第五种是“什叶派阴谋说”。⑤一些伊拉克人认为,“伊斯兰国”的迅速崛起是伊朗政府和以伊拉克马利基为代表的什叶派设计的“大阴谋”,旨在削弱伊拉克逊尼派内部力量,造成逊尼派内部的大混乱,借此最终夺取更大的政治权力。在“伊斯兰国”攻陷摩苏尔之后,甚至有观点认为,伊拉克什叶派会以“打击伊斯兰国”为名对伊拉克境内的逊尼派进行“大屠杀”,不过随着马利基政府的倒台以及伊拉克哈迪政府的平稳过渡,这种流言也逐渐销声匿迹。

(二)“伊斯兰国”崛起的外部因素

各种关于“伊斯兰国”的“阴谋论”,凸显了人们对于“伊斯兰国”快速崛起的震惊。其实作为国际恐怖主义发展的新产物,“伊斯兰国”的崛起离不开所处的国际和地区环境。
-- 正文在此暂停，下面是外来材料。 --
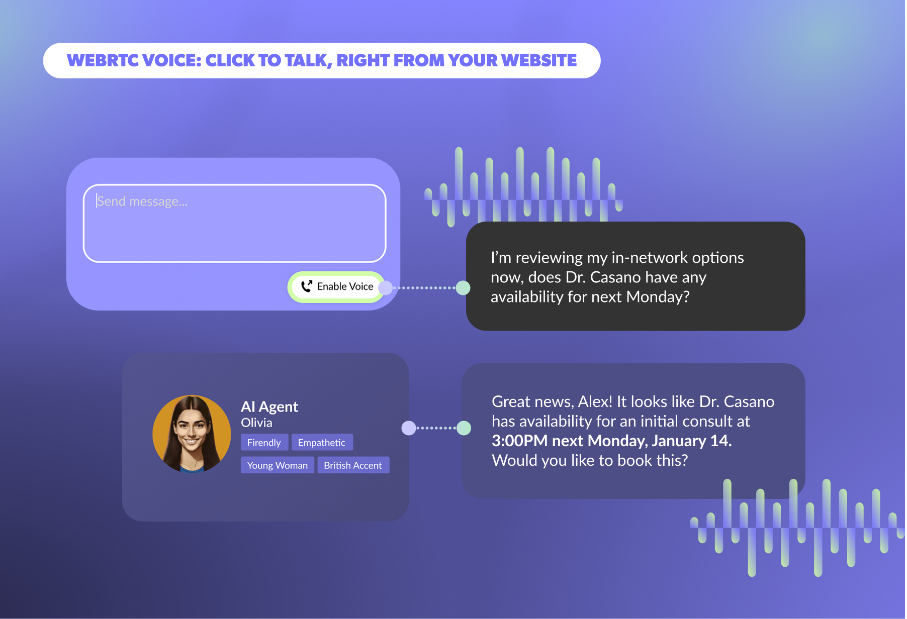 WebRTC Voice enables real-time voice conversations: instead of dialing phone numbers or switching applications, customers can enable voice conversations directly in your website widget.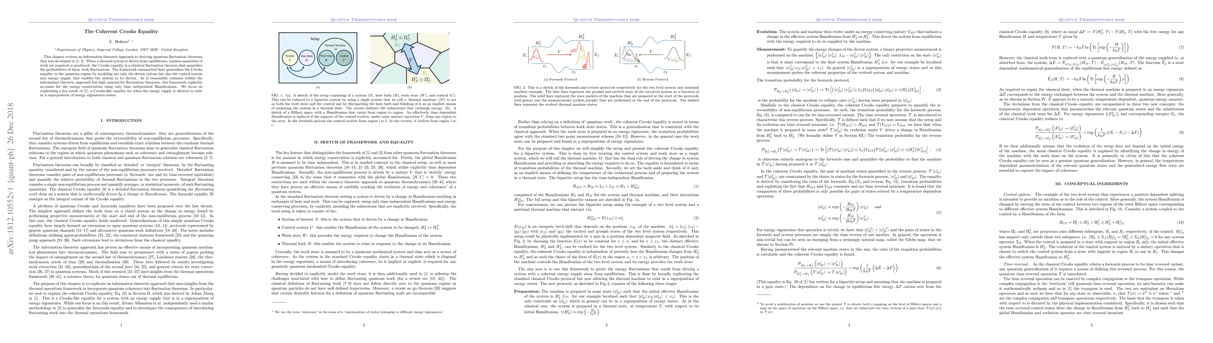 This chapter reviews an information theoretic approach to deriving quantum fluctuation theorems. When a thermal system is driven from equilibrium, random quantities of work are required or produced: the Crooks equality is a classical fluctuation theorem that quantifies the probabilities of these work fluctuations. The framework summarised here generalises the Crooks equality to the quantum regime by modeling not only the driven system but also the control system and energy supply that enables the system to be driven. As is reasonably common within the information theoretic approach but high unusual for fluctuation theorems, this framework explicitly accounts for the energy conservation using only time independent Hamiltonians. We focus on explicating a key result derived by Johan {\AA}berg: a Crooks-like equality for when the energy supply is allowed to exist in a superposition of energy eigenstates states.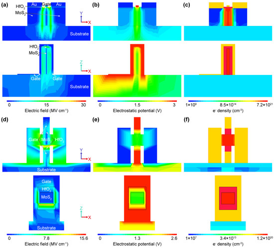 Electric field (a), electrostatic potential (b), and electron density (c) contour plots in the on-state (VDS = 100 mV, VGS = 3 V) for MoS2 FinFET. Electric field (d), electrostatic potential (e), and electron density (f) contour plots in top and cross view in the on-state (VDS = 100 mV, VGS = 3 V) for MoS2 GAAFET. The electrical characteristics of both devices were simulated by 3D models, and the profiles upper and lower each figure are from the XY and XZ directions of the model respectively.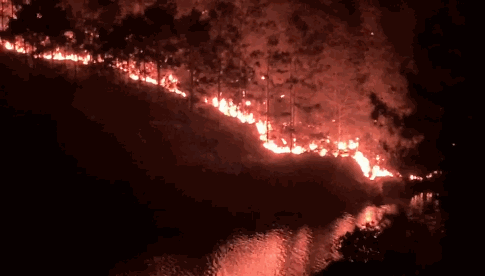凌云山地区植被以马尾松为主,遇火易燃难灭。针叶林的环境,为树冠火的产生制造了有利条件。在大风的作用下,树林间未燃尽的火花跨越山间水库,飞至一公里外的另一处山林,引发了“飞火”,新的火情愈演愈烈。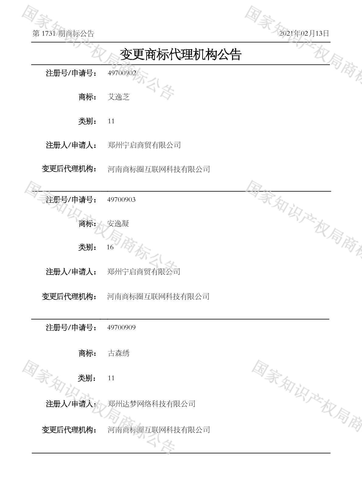 有效期限:2031-04-20 组合类型:中文注册号:49700903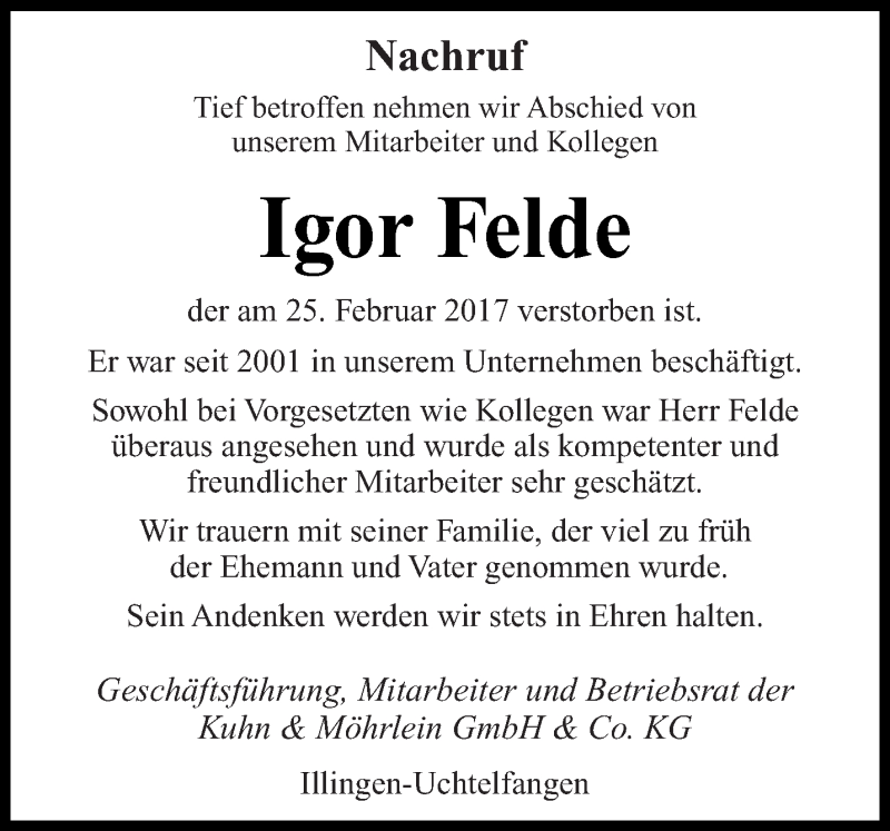 Hier finden Sie alle Traueranzeigen aus der Zeitung, die bisher für Igor Felde erschienen sind. Weitere Traueranzeigen, die in der Zeitung erscheinen, werden hier ebenfalls aufgelistet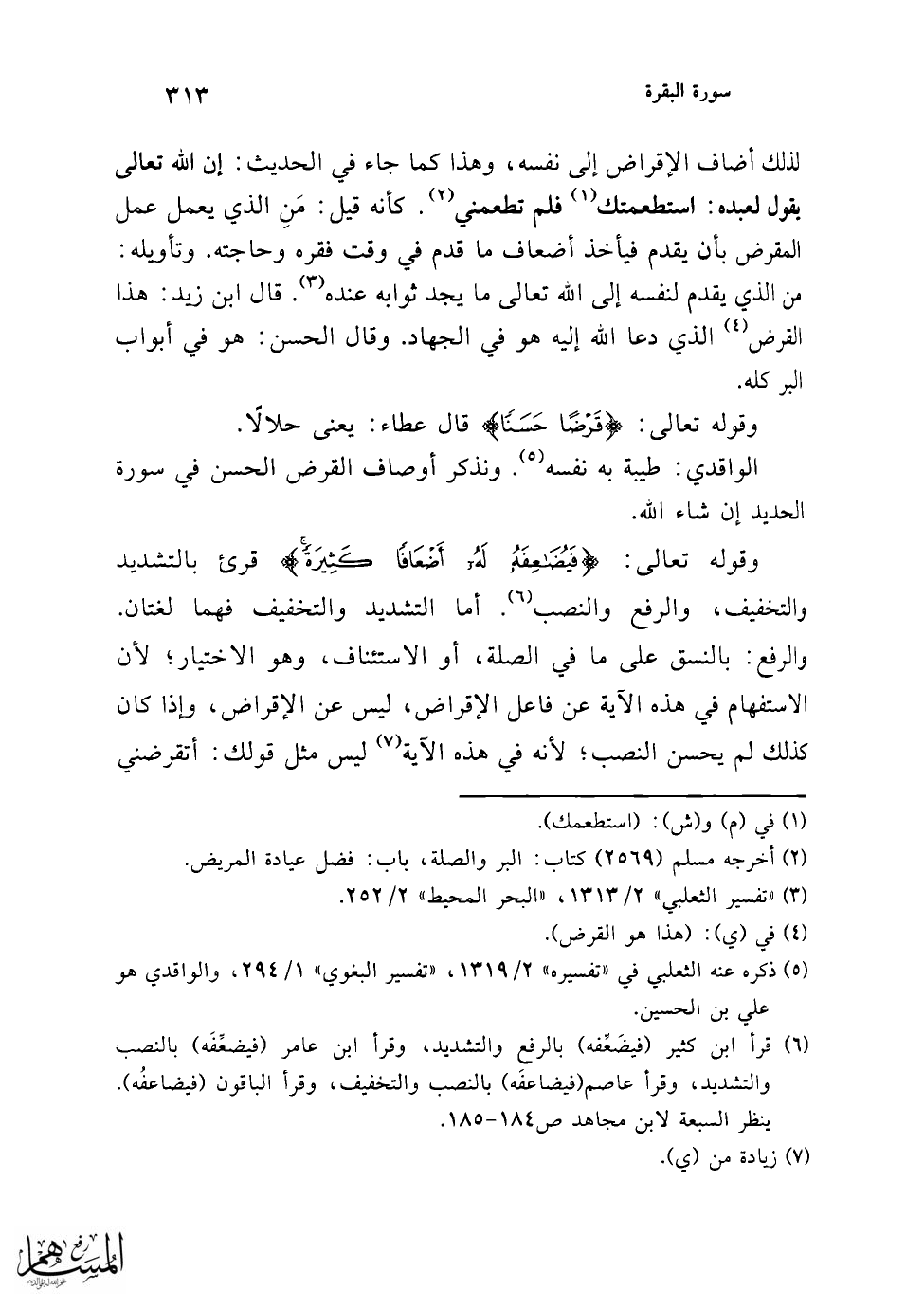فأما وجه النصب: فهو أن يحمل الكلام على المعنى لا على اللفظ؛ لأن المعنى: أيكون قرض فيضاعفه، كقراءة من قرأ: {مَنْ يُضْلِلِ اللَّهُ فَلَا هَادِيَ لَهُ وَيَذَرُهُمْ} (¬1) (¬2) [الأعراف: 186] جزم قوله: {وَيَذَرُهُم} لأن معنى قوله: {فَلَا هَادِيَ لَهُ} لا يهده (¬3). ونحو هذا كثير مما حُمِل الكلام فيه على المعنى دون اللفظ، قال الحسن والسدي: هذا التضعيف لا يعلمه إلا الله تعالى، و (هو) (¬4) مثل قوله: {وَيُؤْتِ مِنْ لَدُنْهُ أَجْرًا عَظِيمًا} [النساء: 40]، ومعنى التضعيف والإضعاف والمضاعفة واحد، وهو الزيادة على أصل الشيء حتى يصير مثلين أو أكثر (¬5).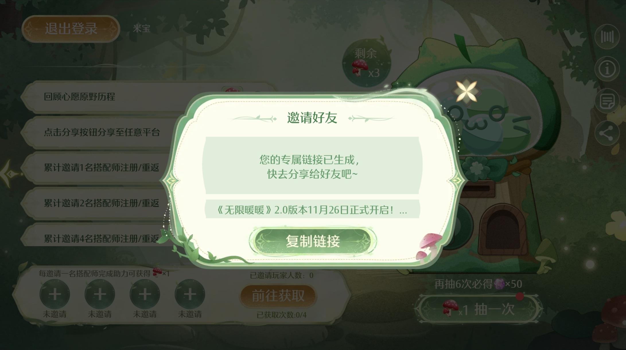 《无限暖暖》2.0版本11月26日正式开启!点击【https://infinitynikki.nuanpaper.com/proj/NikkiJourney.html?jp9a=d1BnPysjYu】进入活动可领取超值奖励,分享并邀请好友还有更多奖励!参与活动抽奖有机会赢Ipad/PS5/拍立得/精美周边等好礼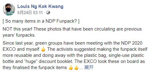 黄国光议员也在24日通过Facebook发帖表示,自去年以来,环保组织和他一直都在与国庆庆典主办方会面。国庆庆典主办方已经采取措施努力减少今年礼包内会产生的废弃物品数量。水瓶、折扣固本、塑料袋将不会出现在今年的国庆礼包中。如果没有爆发疫情,依照举办国庆庆典的话,将会比往几年更环保。
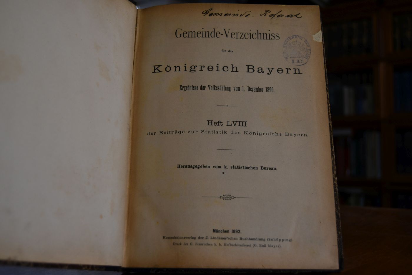 Gemeinde-Verzeichniss für das Königreich Bayern. Ergebnisse der Volkszählung vom 1. Dezember 1890. Heft LVIII der Beiträge zur Statistik des Königreichs Bayern.

一般来说,学术界认为“伊斯兰国”的崛起离不开以下三个方面的因素:一是伊拉克战争、叙利亚内战破坏了中东传统地缘政治秩序,在某些地区造成了权力真空和无政府状态。2003年美国推翻萨达姆政权之后,长期秉持世俗主义的伊拉克复兴社会党中央政府不复存在,各种极端主义思潮开始在伊拉克境内暗流涌动。美军的入侵造成原有伊拉克社会结构的崩溃,尤其是美国最高文职长官布雷默推动的伊拉克改革,让萨达姆时代大部分政治、军事和社会精英瞬间失业,带来了整个社会的巨大动荡。⑥伊拉克萨达姆时期的“什叶派多数—逊尼派主政—制衡库尔德人”的平衡格局被打破,逊尼派—什叶派之间教派矛盾、阿拉伯人—库尔德人之间的民族矛盾不断加剧。⑦美军入侵伊拉克还引起了周边国家的警惕,伊朗和叙利亚也纷纷寻求在伊拉克内部培植自己的力量以期加大美国在伊拉克的代价。⑧另一方面,叙利亚内战的爆发也为“伊斯兰国”的发展壮大提供了孳生的土壤。叙利亚长期执政的巴沙尔政权受到来自国内其他反对派势力的反抗,纷乱的国内局势给伊斯兰极端主义的兴起提供了良好的机遇。此外,叙利亚内战造成的什叶派—逊尼派对立以及叙利亚东北部地区库尔德人—阿拉伯人之间的民族矛盾加剧,也让各种极端主义武装有了衍生膨胀的可乘之机。⑨海湾地区国家如伊朗、土耳其、约旦、沙特和卡塔尔纷纷介入叙利亚国内局势,更使得叙利亚内战长期化和复杂化,客观上为叙利亚国内的伊斯兰极端主义势力创造了良好的环境。⑩

二是美国限于国力进行战略收缩,奥巴马政府调整反恐和中东安全政策,无暇顾及“伊斯兰国”的发展壮大。60多年来,“中东一直是美国的一个重要挑战。在几乎所有情况下,它不仅是一个地缘政治威胁的根源,而且是一个令人感到沮丧的长期因素,更不用说,其还是在美国国内政治本土防线上要加以管理的极其困难而敏感的问题。”(11)尽管中东对于美国仍然具有极其重要的战略价值,但是一方面,近20年的对外扩张,特别是伊拉克、阿富汗战争,让美国付出了数千军人生命和数万亿美元的代价,换来的却是道德制高点的丧失、国内反战情绪的高涨和巨额财政赤字的困局,这使得美国无力再单独维系中东地区的战略格局。正如美国前防长哈格尔所言,“我们在伊拉克再次学到了代价很高的一课,(那时候我们)曾经将自己置身于一个自己并不了解的国家。”(12)另一方面,随着美国页岩油气开采技术的革命性进步,美国对中东原油的依赖度下降。根据国际能源署和美国能源信息署的数据,美国已超过俄罗斯成为世界最大天然气生产国,并将在2018年成为天然气净出口国。美国2013年油气产量已经超过俄罗斯和沙特阿拉伯,成为世界第一。受页岩油气开发热潮的影响,美国原油产量持续快速增长,20年来首次超过进口量。至2013年,美国石油对外依存度已经由2005年的66.3%降为33%。无力单独介入中东事务以及在中东地区战略利益逐渐下降,使得美国对于“伊斯兰国”的滋事坐大反应缓慢,无力进行决定性的干涉。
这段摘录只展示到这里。